Portabello Tenderloin
2 T butter
2 cloves garlic
1/2 cup green onions
3 portabello mushroom caps, sliced
1/2 cup red wine
1 1/2 lbs. beef tenderloin (it is supposed to be buffalo, but i am not that brave)
garlic,salt and pepper
3 slices turkey bacon

In a skillet add the butter, garlic, green onions and mushroom caps. Saute 1 min. and add red wine. Simmer until all the liquid is dissolved. Lay the mixture down the center of the tenderloin and roll. Secure with toothpicks, twine or the handy dandy rubberbands that go into the oven (Thanks Ricky & Nissa). Bake at 300 until the meat is done to your liking. I baked for 15 min. (mine was thin though).

Coconut Shake
2 cups vanilla almond milk
1 1/2 frozen bananas
2 light coconut milk ice cubes (yup, just pour the milk into your ice cube tray and freeze)
1 t honey
Sprinkle of nutmeg

Blend and sprinkle....

Thai spiced mango and prawns
5 T coconut milk
1 T thai red curry paste
2 T fresh cilantro chopped
1 small red chili, seeds removed and chopped
2 cloves garlic, minced
1 lime (juice & zest)
2 ripe mangoes
2 lbs. Tiger prawns
2 t coconut oil (I couldn't find any gotta love Germany, so i omitted completely and the dish was fine!)

Truthfully... I threw it ALL in the pan and cooked it until done.

Curried Quinoa Greens with Coconut Dressing

2/3 cup quinoa
2 1/2 cups water or vegetable broth
3 cups kale, chopped
1 t curry powder
pinch salt
3 T light coconut milk
2 t lime juice
1/3 t curry powder
1/3 t agave nectar (I couldn't find this... i did now... anyway i used peach... it was good too!)
1/3 cup peanuts

In a dry saute pan heat quinoa for 5-6 min. on medium. It will pop, fun! Add everything down to the salt, cover and raise temp to high. Let the quinoa absorb the liquid 15 min. Transfer to a bowl.

Mix the rest, pour over quinoa and toss.

Spiced Pear Sorbet
4 anjou pears
1/2 cup pear juice or apple cider
1-2 T ginger juice (grate the ginger then squeeze the juice out of the shavings.

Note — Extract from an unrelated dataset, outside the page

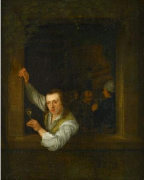 GENTLEMAN WITH A DRINK AT A CASEMENT

Please do not cut your finger like I did)
7 whole cloves (I would use half)
2-3 T crystallized ginger
1/4 t vanilla

Cut the pears into 8ths. In a sauce pan toss your pears slices, juices, and cloves. Bring to a rapid boil, stir and cover lowering the heat. Simmer 10-20 min until the pears are very soft.

Transfer to a bowl, cover and freeze over night.

Remove the bowl and thaw. Process the crystallized ginger until pebble size, remove to a dish. Process the pears until creamy. Stir in the vanilla and ginger, serve.